* WHAT YOU SHOULD DO: The whole listing below is to be copied exactly, with every picture left out.

* DATA:
+-------+
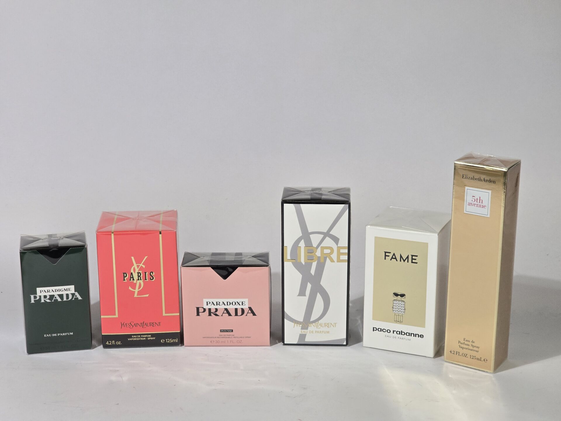 Ensemble d'environ 20 eaux de parfum dont : DIOR, YVES SAINT LAURENT, VERSACE, LANCOME, ARMANI, RABANNE, PRADA,... Différents contenants. En l'état
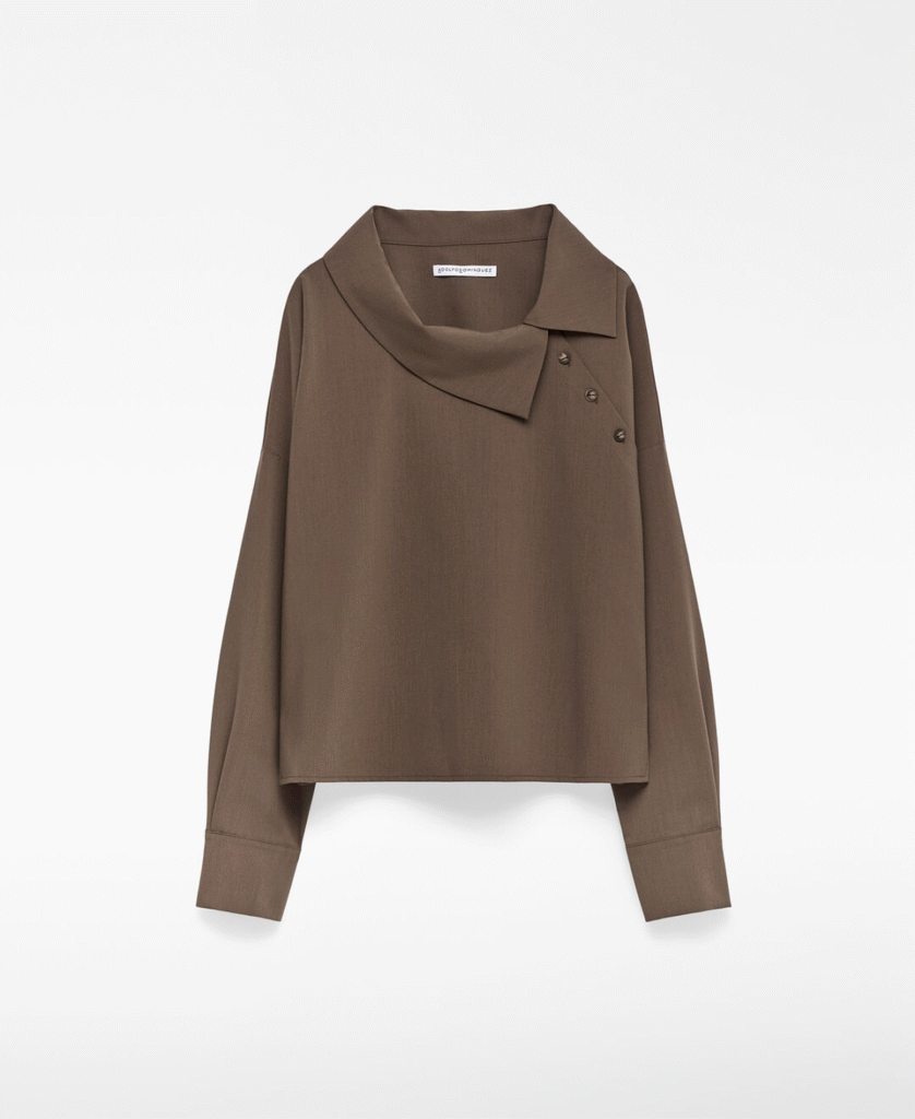 Asymmetrical Lapel Collar Shirt Woman
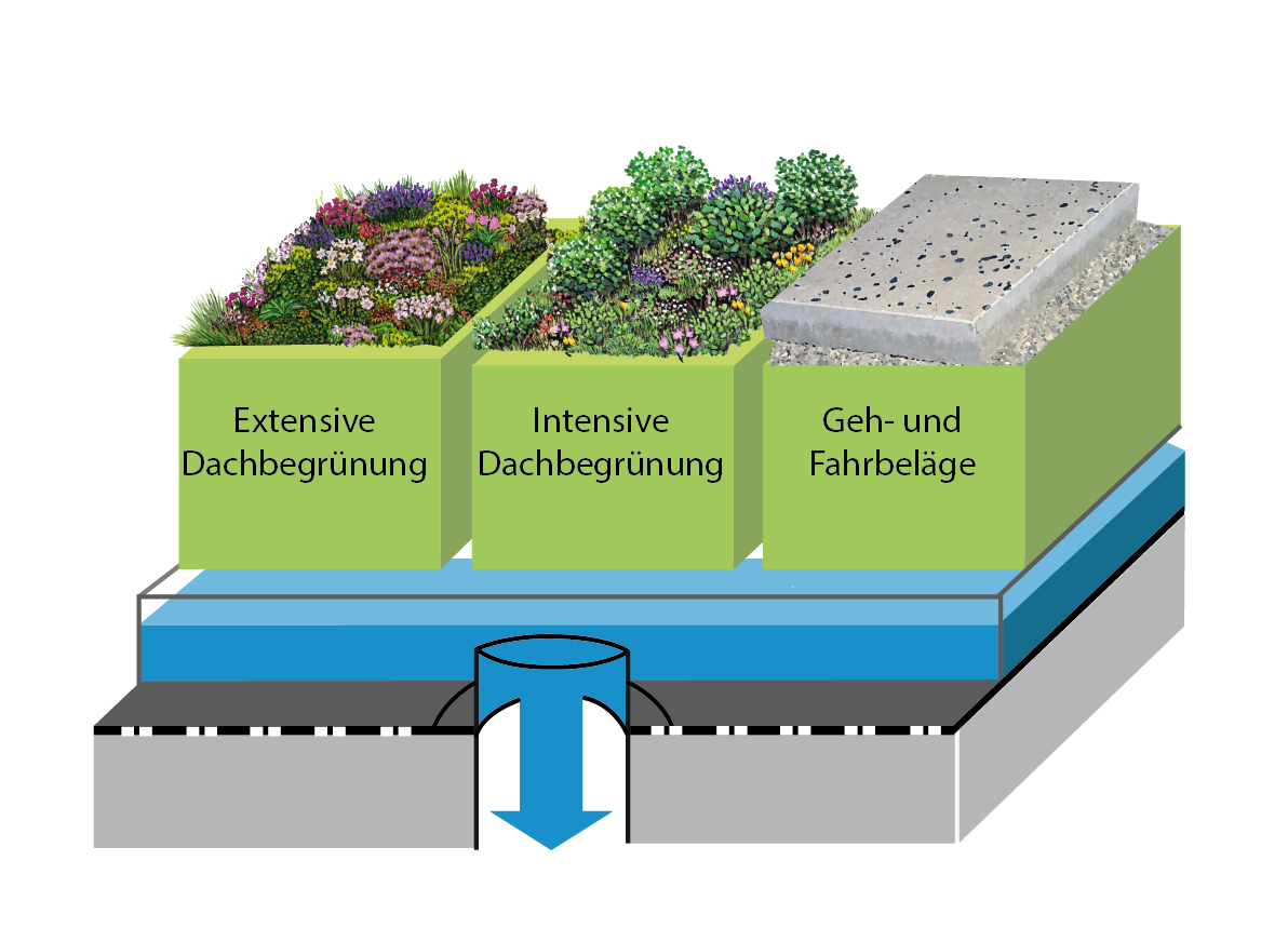 Mit diesen Aufbauten werden die steigenden Anforderungen der Klimafolgen-Anpassung berücksichtigt und gleichzeitig erweitern sie die Möglichkeiten des Wassermanagements auf und mit Dächern.
+-------+
* THE COMPLETED TASK:
 Ensemble d'environ 20 eaux de parfum dont : DIOR, YVES SAINT LAURENT, VERSACE, LANCOME, ARMANI, RABANNE, PRADA,... Différents contenants. En l'état
 Asymmetrical Lapel Collar Shirt Woman
 Mit diesen Aufbauten werden die steigenden Anforderungen der Klimafolgen-Anpassung berücksichtigt und gleichzeitig erweitern sie die Möglichkeiten des Wassermanagements auf und mit Dächern.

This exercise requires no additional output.